I am using the tidyverse to filter out a dataframe and would like a print at each step of the dimensions (or nrows) of the intermediate objects.
I thought I could simply use a tee pipe operator from magrittr but it doesn't work.
I think I understand the concept behind the tee pipe but can't figure out what is wrong. I searched extensively but didn't find much resources about the tee pipe.
I built a simple example with the mtcars dataset. Printing the intermediate objects works but not if I replace with dim() or nrow().
library(tidyverse)
library(magrittr)
mtcars %>%
filter(cyl > 4) %T>% dim() %>%
filter(am == 0) %T>% dim() %>%
filter(disp >= 200) %>% dim()
I can of course write that in R base but would like to stick to the tidyverse spirit. I probably underlooked something about tee pipe concept and any comments/solutions will be greatly appreciated.
EDIT:
Following @hrbrmstr and @akrun nice and quick answers, I tried again to stick to tee pipe operator without writing a function. I don't know why I didn't find out the answer earlier myself but here is the syntax I was looking for:
mtcars %>%
filter(cyl > 4) %T>% {print(dim(.))} %>%
filter(am == 0) %T>% {print(dim(.))} %>%
filter(disp >= 200) %>% {print(dim(.))}
Despite the need of a function, @hrbrmstr solution is indeed easier to "clean up".
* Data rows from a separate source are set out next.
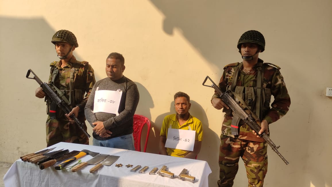 কুমিল্লায় সেনাবাহিনী অভিযান চালিয়ে জাকির (৩৮) ও লিটন (৪২) নামের দুই সন্ত্রাসীকে আটক করেছে। তাদের বিরুদ্ধে অভিযোগ, এই অস্ত্রগুলি জুলাই-আগস্টে ছাত্র-জনতার আন্দোলনে ব্যবহৃত হয়েছিল।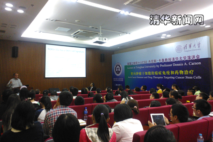 演讲中,卡森教授向清华师生介绍了其多年来致力于肿瘤创新药物和免疫疗法研究和应用的思路、成果和最新进展,以及如何基于个体和临床表型鉴定肿瘤细胞或肿瘤干细胞与正常细胞在代谢途径、细胞信号通路、基因/蛋白质表达中的关键差异,研发抗癌的抗体、疫苗等生物药物和小分子药物,并强调杀伤肿瘤细胞和调控免疫系统相结合在癌症治疗中的重要性。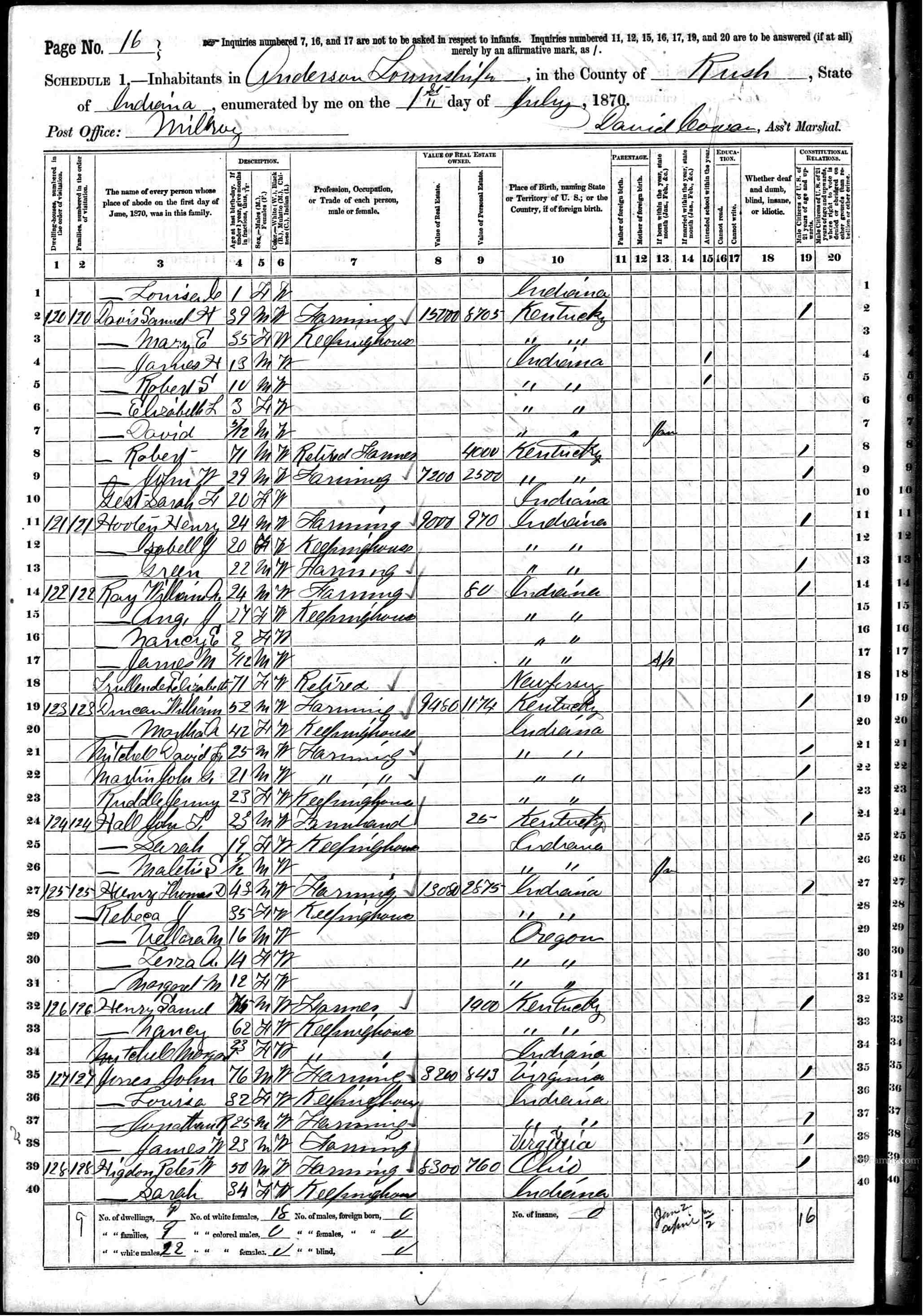 | 14 | 122 | RAY, William Amos | 24 | M | W | Farmer | 80 | IN | ||||||||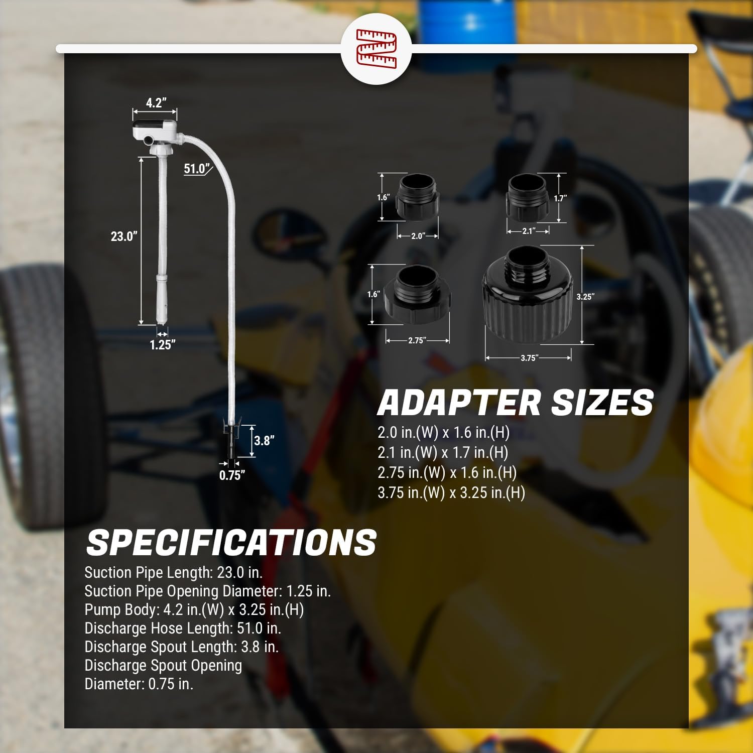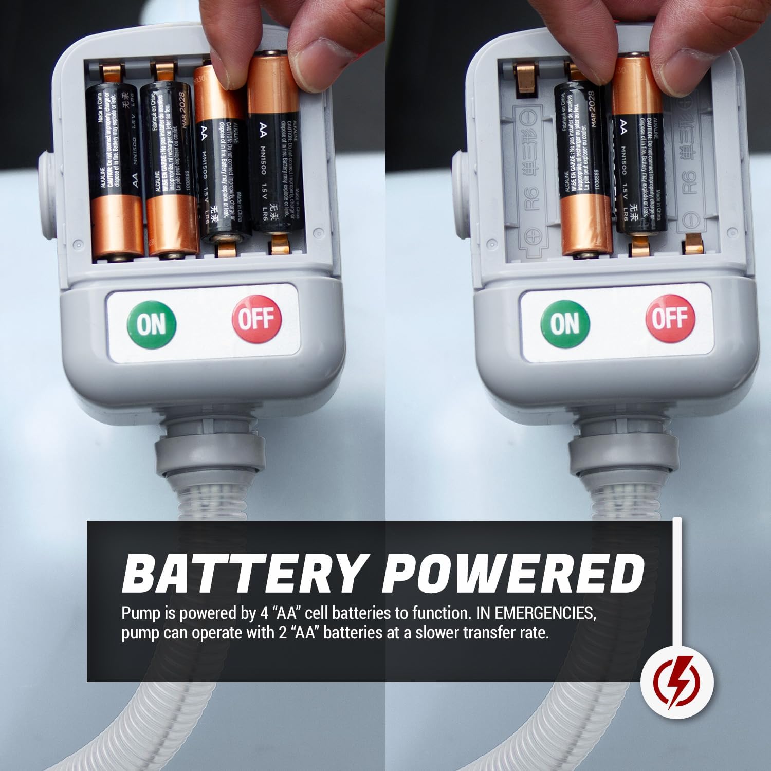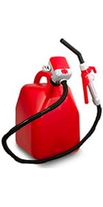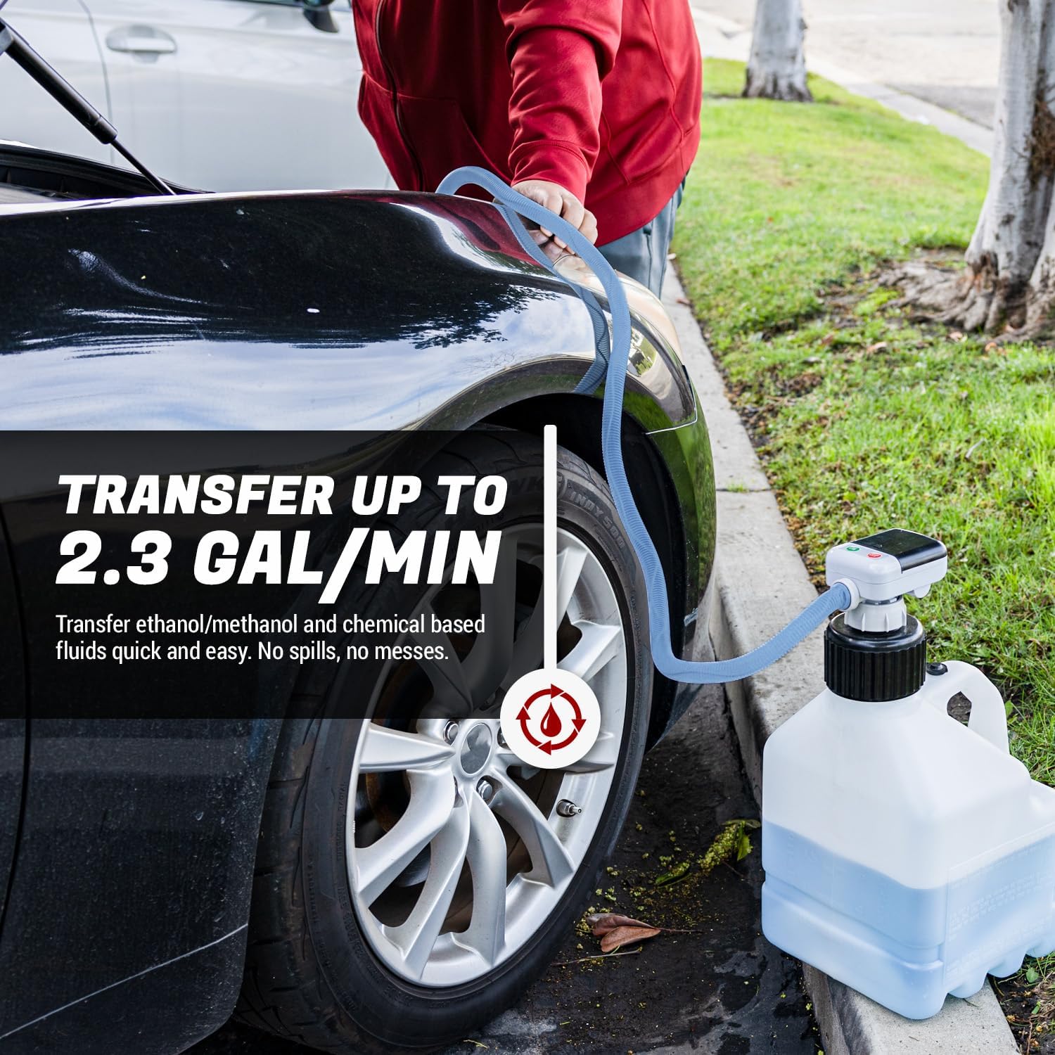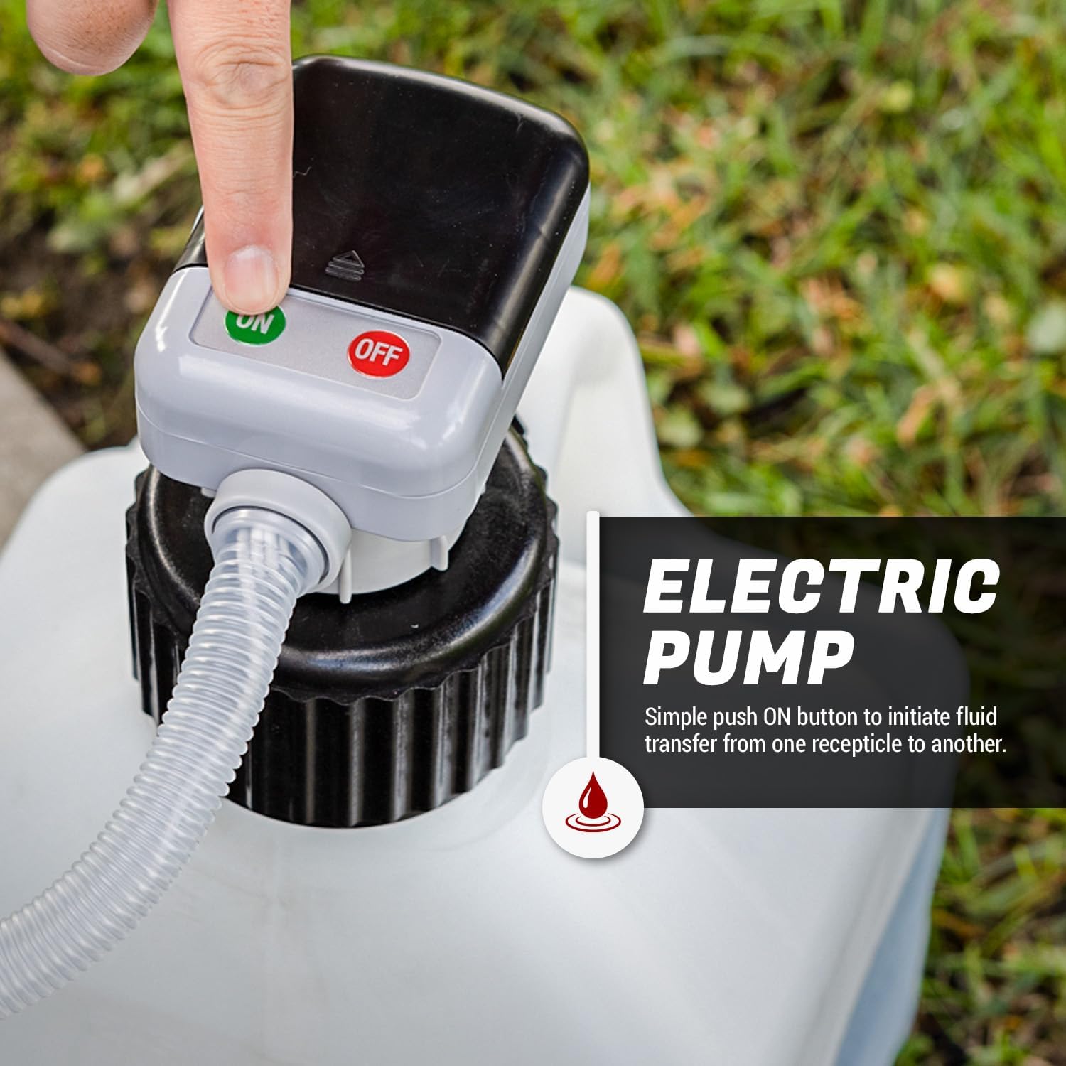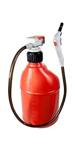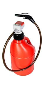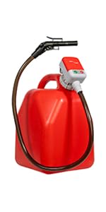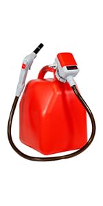 Automatically transfers fuel with a press of a button without the need to lift heavy cans. Water-Resistant Power Buttons will protect against accidental splashes or even in the rain. Flexible outtake hose to reach racing fuel cells, refuel from the dock without making a mess. Useful in the garage, shop, yard, farm, dock, snow or campsite

@akrun's idea works, but it's not idiomatic tidyverse. Other functions in the tidyverse
, like print()
and glimpse()
return the data parameter invisibly so they can be piped without resorting to {}
. Those {}
make it difficult to clean up pipes after your done exploring what's going on.
Try:
library(tidyverse)
tidydim <- function(x) {
print(dim(x))
invisible(x)
}
mtcars %>%
filter(cyl > 4) %>%
tidydim() %>%
filter(., am == 0) %>%
tidydim() %>%
filter(., disp >= 200) %>%
tidydim()
That way your "cleanup" (i.e. not producing interim console output) canbe to quickly/easily remove the tidydim()
lines or remove the print(…)
from the function.
The pipe %T>%
from library magrittr
was created just for this type of cases :
library(magrittr)
library(dplyr)
mtcars %>%
filter(cyl > 4) %T>% {print(dim(.))} %>%
filter(am == 0) %T>% {print(dim(.))} %>%
filter(disp >= 200) %T>% {print(dim(.))}
Very easy to read and edit out in Rstudio
using alt + selection
if you ident as I do.
You can also use @hrbrmstr 's function here if you don't like brackets, except you won't need the last line.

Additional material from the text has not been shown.